Here, Anton Hutson takes us on a tour through the different types of packaging products and methods in today’s market. Anton, founder of the UK-based company Tendring Pacific, has spent 30 years in various areas of the print and packaging industry.

His primary area of interest is in controlling the consistency and quality of packaging materials and in optimising the packaging process to reduce waste.

A good atmosphere...

In Modified Atmosphere Packaging (MAP) food is packaged in a container such as a plastic tray or bag and the air is flushed out and replaced by a mixture of gases. The type and amount of gas used in the mixture will depend on the product. The aim is to increase the shelf life of the product while maintaining its attractive appearance. Read more about about shelf life in this case study.

Often this means removing most of the oxygen so that microbes that otherwise spoil food cannot survive in the package. Here, a mixture of nitrogen and carbon dioxide may be suitable. These gases occur naturally in the atmosphere so they are perfectly safe. The method is excellent for fresh produce, ranging from meat products to fruit. MAP requires a high level of quality assurance: it is vital that the gas mixture is correct and that there are no leaks in the packaging materials.

  • Good shelf life
  • Excellent presentation
  • Ideal for fresh produce
  • High level of quality assurance needed, requiring appropriate investment in equipment

The value of vacuum

In vacuum packaging the air is sucked out of the flexible film surrounding the produce and the package is then sealed. The film forms itself around the shape of the product. The absence of air increases the shelf life of the product. 

It can be difficult to get attractive presentation of the food. The often lumpy package does not make an ideal surface for labelling either. The method is restricted to products that can withstand being deformed.
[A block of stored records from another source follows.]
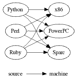 Suppose you write a program in Python and you want it to run on the Sun machine in the Athena cluster, and on the x86 Athena machine, and on your Mac at home. How many translators would have to exist to allow you to do this? At least three. And what if you also wanted to write programs in Perl, Ruby, Scheme, etc, and have them run on all of those different kinds of computers? If you wrote a translator from each source language to each machine type, you'd need L*M translators (where L is the number of source language and M is the number of machine types). It would look sort of like this: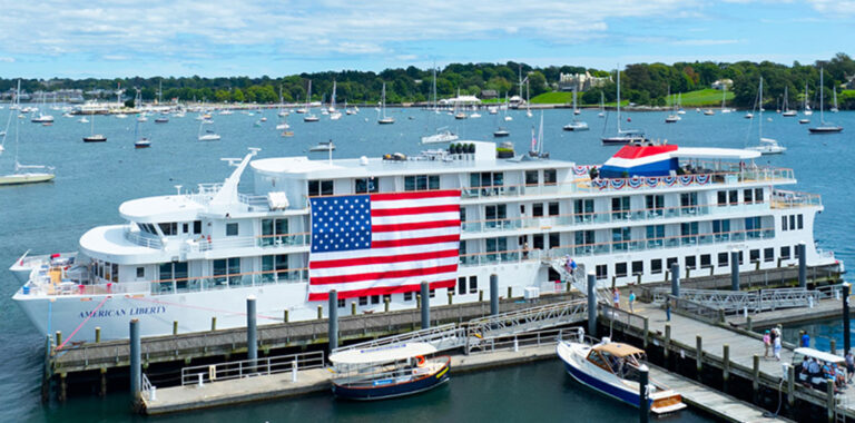 American Cruise Lines christened American Liberty, the third new Coastal Cat in the company’s series of 100-passenger ships, in Newport, Rhode Island this week. The celebration took place at Fort Adams State Park, where all American’s small ships dock when visiting Newport.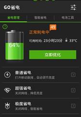 GO省電的上方就是大大的“GO省電”字樣,讓人心情略為不爽,而且它的功能按鈕沒有在底部而是在屏幕的中上部,且字體較小,不易點擊。不過在電池工具按鈕裡,很多工具都是圖形化,這倒算是亮點。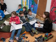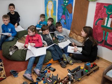 Közben átmegyünk a második osztályosokhoz, ahol egy maréknyi gyerek fogad egy hatalmas babzsákon fekve, középen Fürge, az agár terpeszkedik. A gyerekek minden rezdülését figyelik, és próbálnak kedvére tenni.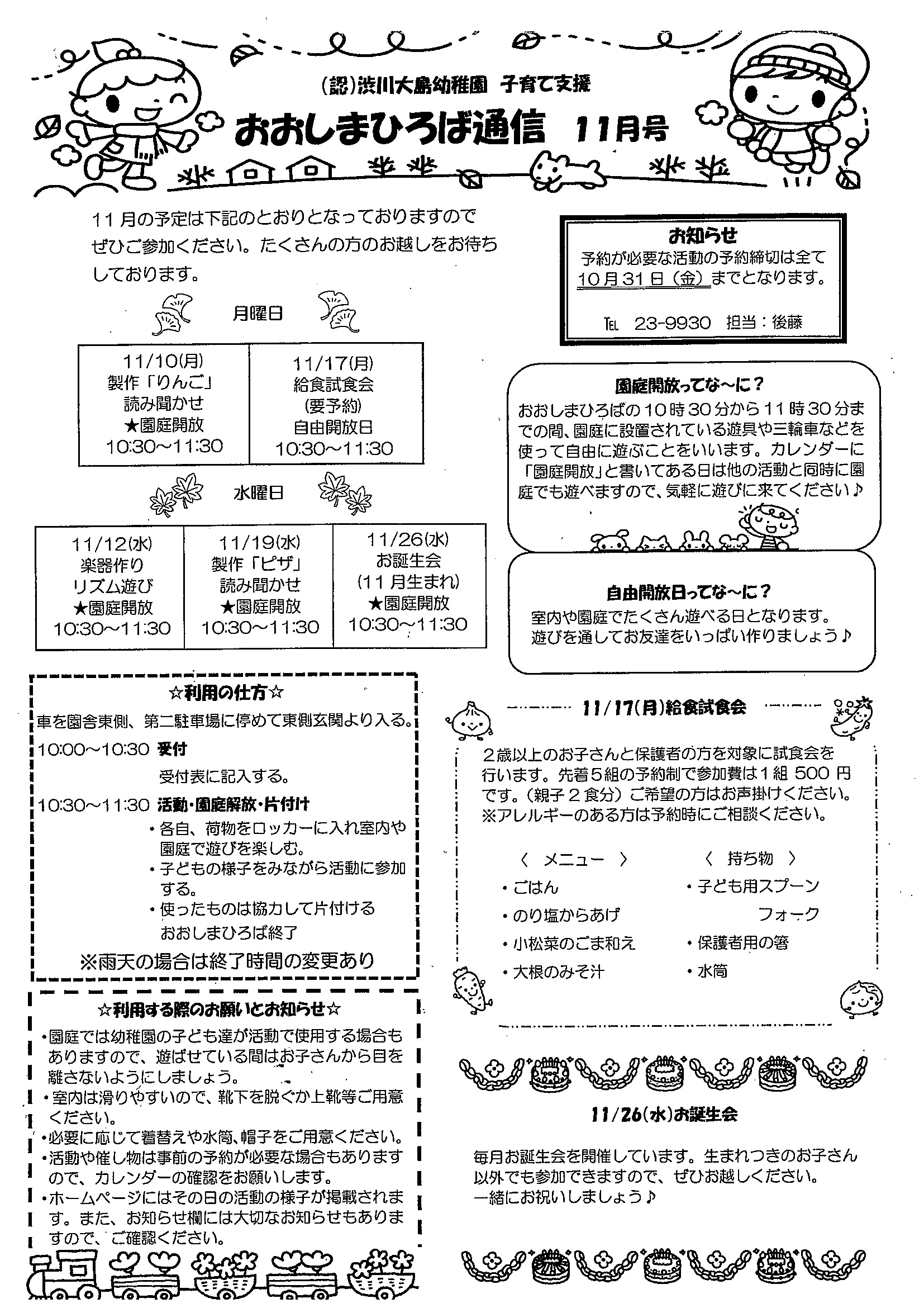 | 11月17日(月) | 給食試食会(要予約)・自由開放:10:30〜11:30 |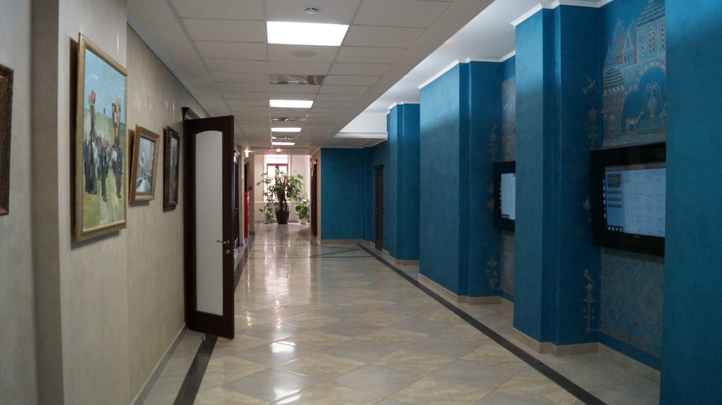 В коридоре на стенах — сенсорные панели. С их помощью каждый семинарист может найти необходимую ему информацию: расписание занятий и богослужений, сведения о преподавателях и выпускниках, историю монастыря и семинарии. А рамами для этих экранов служат орнаменты по мотивам византийских фресок.

So, vacuum packaging is suitable for products such as meat cuts. Vacuum packaging is not well suited for soft products such as fruit or soft cheeses.


  • Extends shelf life
  • Not especially attractive appearance
  • Can be difficult to label because of lumpy shape
  • Only suitable for things that can be compressed by the packaging
  • Need good quality assurance to check for leaks, something that can be tricky to achieve


Skin packing
has become popular in recent years. The product is typically placed on a rigid tray of paperboard, and then covered in a plastic film that has been softened with heat. The film forms around the shape of the product and is sealed to the tray below. It gives good shelf life and a more attractive presentation than standard vacuum packaging. However, skin packing is not suited to all products, and is typically used for products such as meat cuts or fish.

  • Extends shelf life
  • Better presentation than vacuum packaging
  • Not suitable for all products

Can do!

The big advantage of packaging food in metal cans is shelf life. Products in a can are able to last for months or even years. The packaging is robust. However, the consumer can’t see what is inside the can, and the method is not suitable for fresh produce because the canning process requires very high temperatures. Also cans are heavy, so transport costs can be high.


  • Long shelf life
  • Robust
  • You can’t see what’s inside
  • Heavy means expensive transport
  • Not good for fresh produce
  • Expensive

Heart of glass

Glass bottles and jars
have been around for hundreds of years. Glass is transparent, so you can see what you are getting. In addition, glass can be formed into many different shapes. This can be important for making a distinctive-looking container, giving the product strong brand identity. As with metal cans, shelf life can be very long. However, like metal cans, bottles and jars are not best suited for fresh produce. Glass is fragile and heavy.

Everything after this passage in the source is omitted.